If you want to use Microsoft Excel to maintain the list of corrections, you should maintain a .xls or .xlsx file in which all cells are set as Text format; otherwise, Excel will do funny things like assume that door number "4/16" is April 16 and encode the value as a very long number instead of "4/16". If you maintain your corrections in .xls or .xlsx format, you can either "Save as" .csv format for the Stata template, or you can update the Stata template to import your .xls or .xlsx file directly.
If there are any corrections in the corrections .csv file, they will be applied in sequence, row by row. Each row should indicate the key of the row to correct, the name of the field to correct (as it appears in the header of .csv exports), the corrected value, and any notes you might wish to maintain in the corrections file (optional).
If there is any error applying a correction, an error message will be output to the Stata console, including the row number of the offending correction. For example, if you entered a correction with a value of "John" for a numeric field, or if you had a typo in a field name, there would be an error applying the correction.
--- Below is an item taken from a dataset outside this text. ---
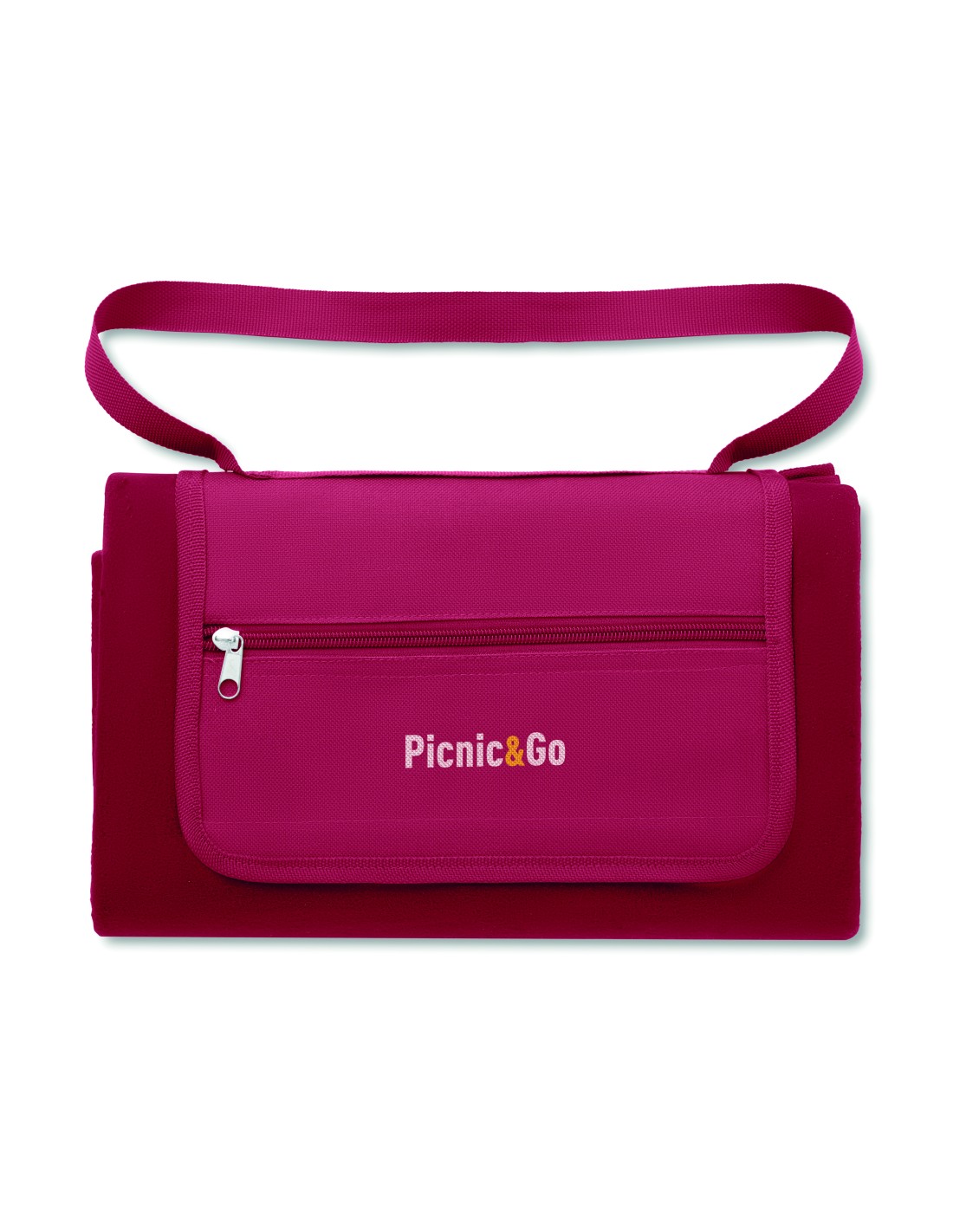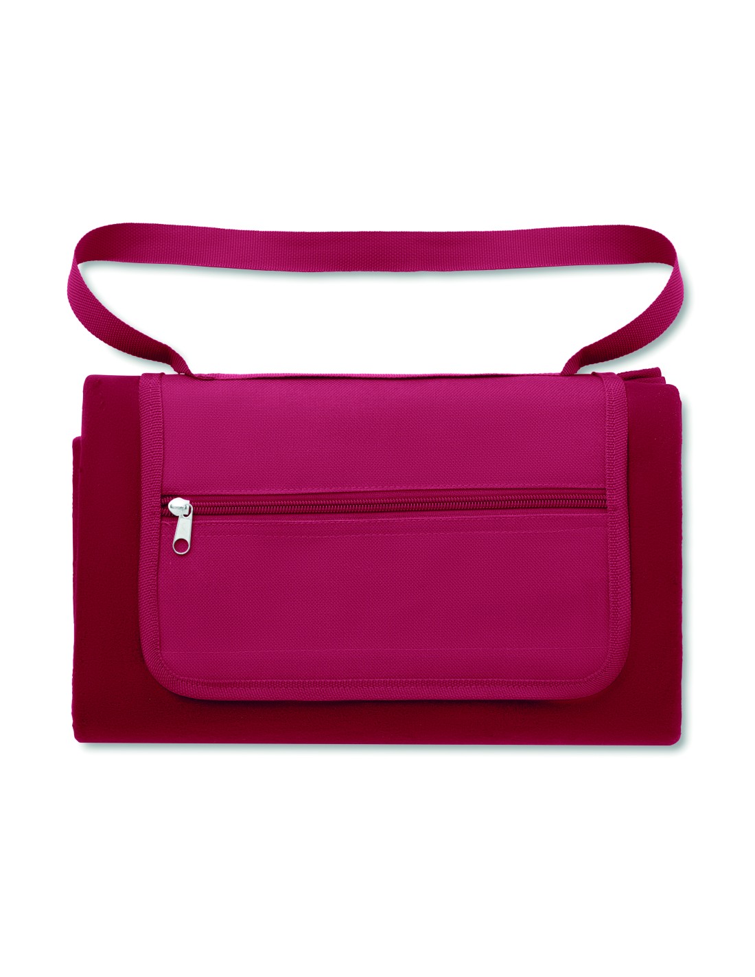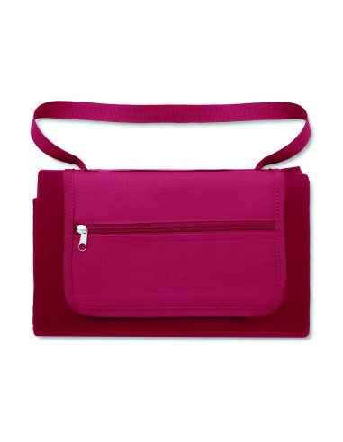 Coperta pieghevole in pile con retro in PEVA rivestito resistente all'acqua.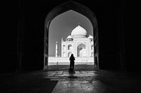Silhouette van vrouw in poort tegenover de Taj Mahal in Agra India. Wout Kok One2expose.

Note that the Stata code for applying corrections is tricky. In essence, each correction is output as Stata code, into a temporary .do file, and the template executes the temporary .do file in order to apply the corrections. Thus, you have auto-generated Stata code outputting and running its own auto-generated Stata code.
- If using long format, runs additional .do files to process any secondary .csv files for repeat-group data, essentially applying all of the above logic to each repeat group (saving each as its own .dta file).
These auto-generated Stata templates are mostly meant to get you started on your back-end data-processing. Feel free to revise, extend, and delete whichever parts you don't need or want.